◆ Problem statement: Each line of the data below between the one containing "R04/5533 – Elegantes" and the one containing "Комплект ювелирной бижутерии", both included, is to be repeated exactly. Please omit pictures.

====== Records to use ======

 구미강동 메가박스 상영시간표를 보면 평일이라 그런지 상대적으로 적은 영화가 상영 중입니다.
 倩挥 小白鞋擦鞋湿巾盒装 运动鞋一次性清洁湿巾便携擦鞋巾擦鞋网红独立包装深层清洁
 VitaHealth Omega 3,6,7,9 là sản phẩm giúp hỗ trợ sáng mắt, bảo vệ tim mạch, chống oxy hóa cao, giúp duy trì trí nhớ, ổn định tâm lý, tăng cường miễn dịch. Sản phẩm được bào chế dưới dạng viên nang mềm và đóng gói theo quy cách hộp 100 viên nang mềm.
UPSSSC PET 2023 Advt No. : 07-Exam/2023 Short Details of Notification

======
====== Records to use ======

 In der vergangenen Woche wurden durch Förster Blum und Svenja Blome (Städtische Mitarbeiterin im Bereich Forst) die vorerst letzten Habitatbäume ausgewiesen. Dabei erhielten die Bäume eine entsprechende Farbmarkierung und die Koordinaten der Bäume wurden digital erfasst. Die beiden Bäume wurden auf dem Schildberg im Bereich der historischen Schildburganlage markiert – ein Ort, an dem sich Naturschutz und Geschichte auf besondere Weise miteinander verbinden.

======
====== Records to use ======

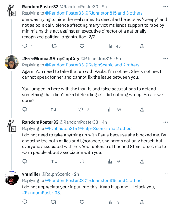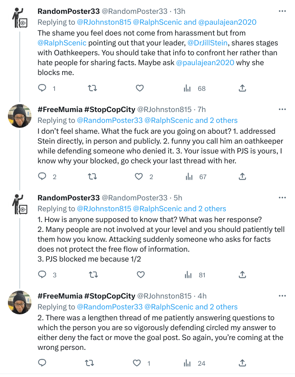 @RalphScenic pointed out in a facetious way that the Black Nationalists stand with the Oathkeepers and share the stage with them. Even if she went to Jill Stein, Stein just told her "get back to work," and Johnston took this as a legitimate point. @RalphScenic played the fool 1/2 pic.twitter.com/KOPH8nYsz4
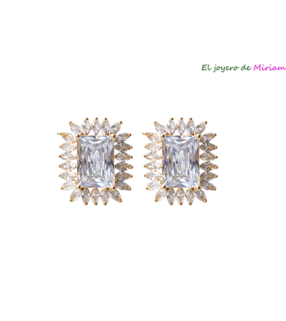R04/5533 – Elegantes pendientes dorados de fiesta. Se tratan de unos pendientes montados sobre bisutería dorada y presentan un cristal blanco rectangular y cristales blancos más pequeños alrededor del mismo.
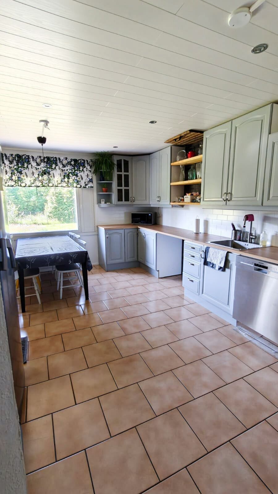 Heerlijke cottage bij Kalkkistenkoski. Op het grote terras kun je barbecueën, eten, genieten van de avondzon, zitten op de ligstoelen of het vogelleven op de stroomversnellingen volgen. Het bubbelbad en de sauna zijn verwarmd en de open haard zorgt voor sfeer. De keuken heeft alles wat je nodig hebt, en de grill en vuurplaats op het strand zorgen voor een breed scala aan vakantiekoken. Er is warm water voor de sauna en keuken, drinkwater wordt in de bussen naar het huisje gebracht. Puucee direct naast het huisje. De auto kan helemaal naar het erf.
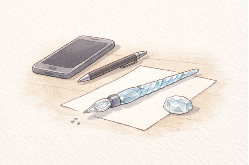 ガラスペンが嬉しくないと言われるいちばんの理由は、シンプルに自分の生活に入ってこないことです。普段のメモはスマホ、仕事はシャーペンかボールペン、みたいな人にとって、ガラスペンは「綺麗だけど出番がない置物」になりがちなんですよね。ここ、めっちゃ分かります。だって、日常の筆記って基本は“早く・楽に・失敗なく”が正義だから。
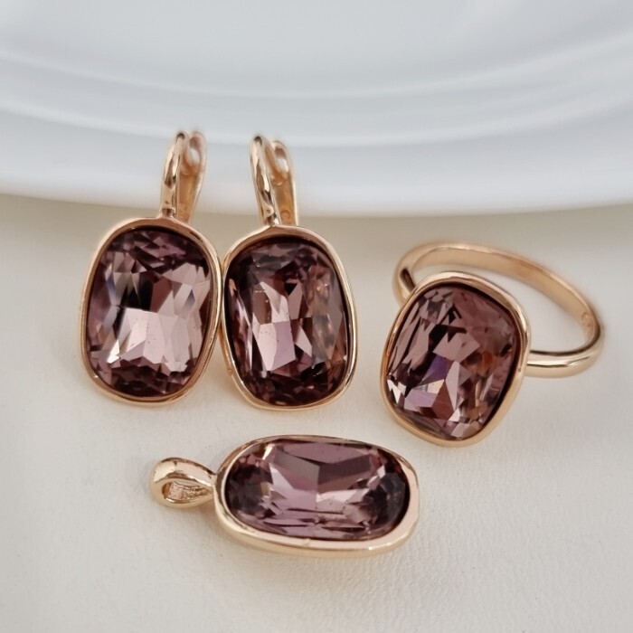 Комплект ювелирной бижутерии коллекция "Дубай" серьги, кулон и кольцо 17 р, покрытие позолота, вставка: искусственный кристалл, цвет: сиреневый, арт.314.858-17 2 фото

======

◆ Reply to the exercise:
R04/5533 – Elegantes pendientes dorados de fiesta. Se tratan de unos pendientes montados sobre bisutería dorada y presentan un cristal blanco rectangular y cristales blancos más pequeños alrededor del mismo.
 Heerlijke cottage bij Kalkkistenkoski. Op het grote terras kun je barbecueën, eten, genieten van de avondzon, zitten op de ligstoelen of het vogelleven op de stroomversnellingen volgen. Het bubbelbad en de sauna zijn verwarmd en de open haard zorgt voor sfeer. De keuken heeft alles wat je nodig hebt, en de grill en vuurplaats op het strand zorgen voor een breed scala aan vakantiekoken. Er is warm water voor de sauna en keuken, drinkwater wordt in de bussen naar het huisje gebracht. Puucee direct naast het huisje. De auto kan helemaal naar het erf.
 ガラスペンが嬉しくないと言われるいちばんの理由は、シンプルに自分の生活に入ってこないことです。普段のメモはスマホ、仕事はシャーペンかボールペン、みたいな人にとって、ガラスペンは「綺麗だけど出番がない置物」になりがちなんですよね。ここ、めっちゃ分かります。だって、日常の筆記って基本は“早く・楽に・失敗なく”が正義だから。
 Комплект ювелирной бижутерии коллекция "Дубай" серьги, кулон и кольцо 17 р, покрытие позолота, вставка: искусственный кристалл, цвет: сиреневый, арт.314.858-17 2 фото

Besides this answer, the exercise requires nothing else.